## RECORDED INFORMATION
BEGIN
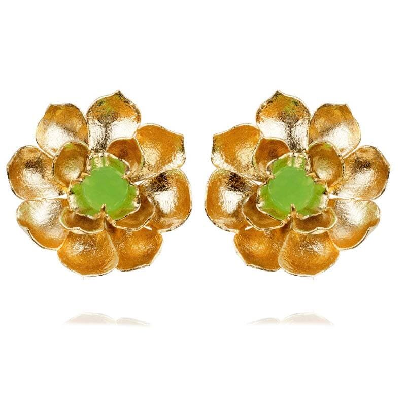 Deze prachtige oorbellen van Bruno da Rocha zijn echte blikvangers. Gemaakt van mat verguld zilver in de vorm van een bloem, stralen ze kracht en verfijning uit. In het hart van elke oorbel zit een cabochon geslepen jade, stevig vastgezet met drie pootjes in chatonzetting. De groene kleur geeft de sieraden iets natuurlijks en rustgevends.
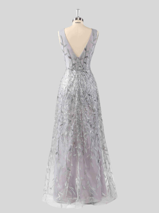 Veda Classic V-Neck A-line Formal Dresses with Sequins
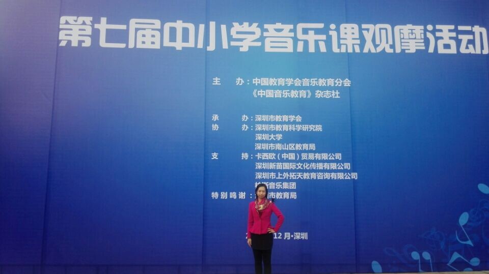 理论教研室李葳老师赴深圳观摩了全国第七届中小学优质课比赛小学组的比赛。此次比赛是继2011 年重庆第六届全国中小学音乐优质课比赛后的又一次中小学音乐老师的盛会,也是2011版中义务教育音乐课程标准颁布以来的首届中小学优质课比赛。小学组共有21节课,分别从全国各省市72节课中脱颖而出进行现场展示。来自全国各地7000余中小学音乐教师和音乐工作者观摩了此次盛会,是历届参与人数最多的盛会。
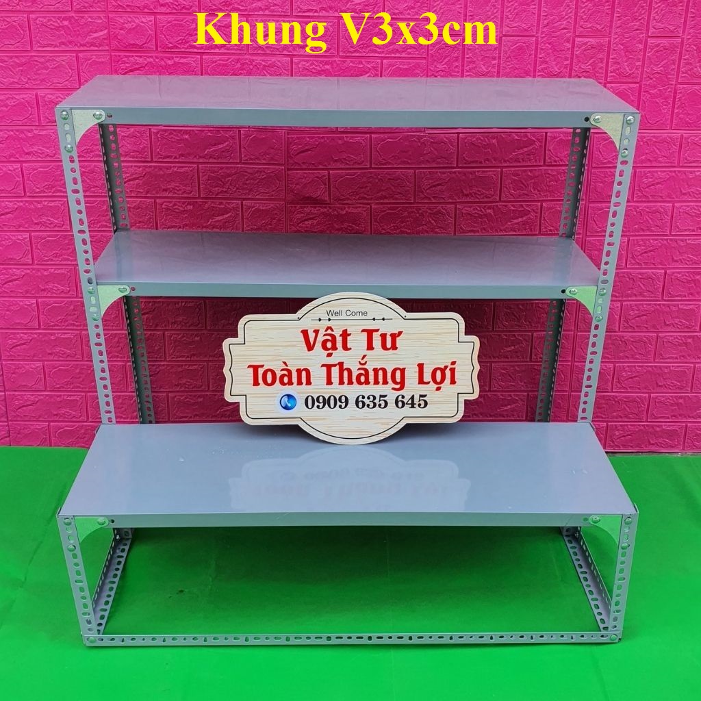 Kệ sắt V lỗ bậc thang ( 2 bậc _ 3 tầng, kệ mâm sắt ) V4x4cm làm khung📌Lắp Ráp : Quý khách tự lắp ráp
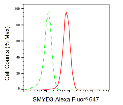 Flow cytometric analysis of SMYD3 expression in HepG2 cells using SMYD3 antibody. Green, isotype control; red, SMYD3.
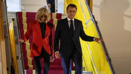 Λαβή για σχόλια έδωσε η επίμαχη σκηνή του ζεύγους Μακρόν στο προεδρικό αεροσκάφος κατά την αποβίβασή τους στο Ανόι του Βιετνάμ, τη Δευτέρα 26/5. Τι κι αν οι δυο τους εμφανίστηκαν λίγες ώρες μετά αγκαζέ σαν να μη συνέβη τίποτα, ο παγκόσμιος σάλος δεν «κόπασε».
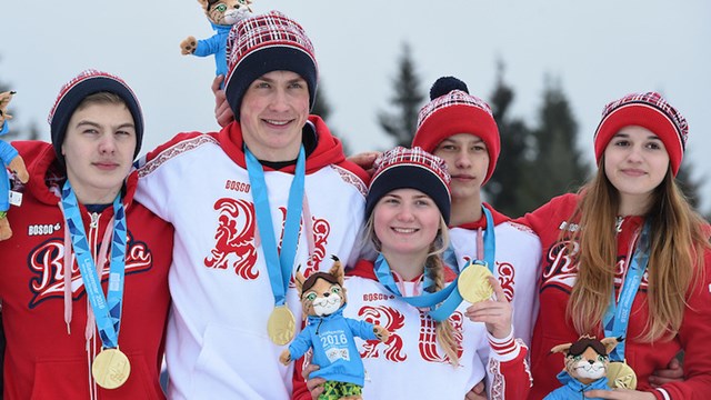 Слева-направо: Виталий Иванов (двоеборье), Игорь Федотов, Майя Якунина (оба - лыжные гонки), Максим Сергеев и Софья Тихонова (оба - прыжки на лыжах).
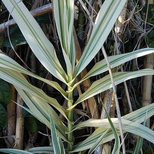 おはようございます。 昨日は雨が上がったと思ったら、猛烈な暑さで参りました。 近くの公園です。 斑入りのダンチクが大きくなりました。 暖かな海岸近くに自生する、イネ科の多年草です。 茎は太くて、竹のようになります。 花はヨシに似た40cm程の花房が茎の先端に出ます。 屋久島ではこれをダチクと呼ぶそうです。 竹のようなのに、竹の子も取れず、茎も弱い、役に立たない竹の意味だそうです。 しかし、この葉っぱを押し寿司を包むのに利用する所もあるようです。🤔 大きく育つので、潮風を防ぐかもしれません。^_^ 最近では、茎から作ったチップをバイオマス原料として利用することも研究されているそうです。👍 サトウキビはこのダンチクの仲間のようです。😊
END
## TASK DETAILS
Begin at the first line of the entries above and return each line exactly, stopping after the line that contains "Veda Classic V-Neck". Pictures do not belong in the copy.

## RESULT
 Deze prachtige oorbellen van Bruno da Rocha zijn echte blikvangers. Gemaakt van mat verguld zilver in de vorm van een bloem, stralen ze kracht en verfijning uit. In het hart van elke oorbel zit een cabochon geslepen jade, stevig vastgezet met drie pootjes in chatonzetting. De groene kleur geeft de sieraden iets natuurlijks en rustgevends.
 Veda Classic V-Neck A-line Formal Dresses with Sequins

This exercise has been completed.